WHAT IS NEEDED
Across the listing that follows, establish how many lines contain the string "Muslim" and provide that number by itself.

RECORDS FOR THE EXERCISE
::::::

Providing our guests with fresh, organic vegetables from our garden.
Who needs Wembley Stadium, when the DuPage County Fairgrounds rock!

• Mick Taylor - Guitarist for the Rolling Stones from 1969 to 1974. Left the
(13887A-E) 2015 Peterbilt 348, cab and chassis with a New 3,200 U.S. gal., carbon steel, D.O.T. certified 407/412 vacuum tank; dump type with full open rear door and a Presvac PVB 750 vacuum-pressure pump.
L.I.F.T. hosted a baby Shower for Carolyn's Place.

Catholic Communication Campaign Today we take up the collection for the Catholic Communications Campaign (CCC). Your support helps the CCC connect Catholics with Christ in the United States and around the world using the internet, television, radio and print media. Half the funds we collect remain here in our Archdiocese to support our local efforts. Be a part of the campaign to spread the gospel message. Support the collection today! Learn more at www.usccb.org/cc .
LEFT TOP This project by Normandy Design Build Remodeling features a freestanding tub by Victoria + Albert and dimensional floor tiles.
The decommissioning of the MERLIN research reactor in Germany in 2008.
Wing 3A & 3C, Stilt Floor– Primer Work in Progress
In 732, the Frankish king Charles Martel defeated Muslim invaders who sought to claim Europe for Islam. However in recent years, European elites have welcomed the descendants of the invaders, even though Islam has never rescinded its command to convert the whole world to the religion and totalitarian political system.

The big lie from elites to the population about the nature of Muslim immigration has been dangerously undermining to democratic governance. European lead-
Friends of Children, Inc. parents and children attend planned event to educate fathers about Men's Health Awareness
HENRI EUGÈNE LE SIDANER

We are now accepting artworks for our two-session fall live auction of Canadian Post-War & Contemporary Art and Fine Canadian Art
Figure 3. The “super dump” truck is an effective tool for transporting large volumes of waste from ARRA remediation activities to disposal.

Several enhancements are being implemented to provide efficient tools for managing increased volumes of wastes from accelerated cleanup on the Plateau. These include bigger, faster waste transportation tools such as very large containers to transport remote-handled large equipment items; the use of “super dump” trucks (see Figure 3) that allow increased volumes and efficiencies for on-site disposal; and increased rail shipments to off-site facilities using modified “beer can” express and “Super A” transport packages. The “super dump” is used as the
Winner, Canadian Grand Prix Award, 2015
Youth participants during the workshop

::::::

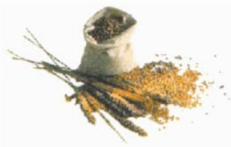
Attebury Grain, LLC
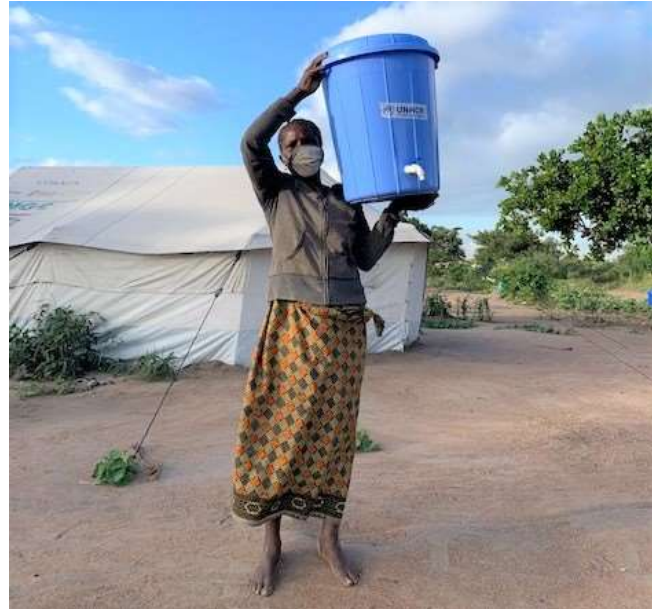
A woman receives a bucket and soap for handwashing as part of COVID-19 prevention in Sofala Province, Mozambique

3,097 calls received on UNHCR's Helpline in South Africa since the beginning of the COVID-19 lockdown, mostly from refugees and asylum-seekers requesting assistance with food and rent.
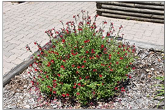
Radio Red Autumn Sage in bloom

::::::

ANSWER TO THIS PROBLEM
2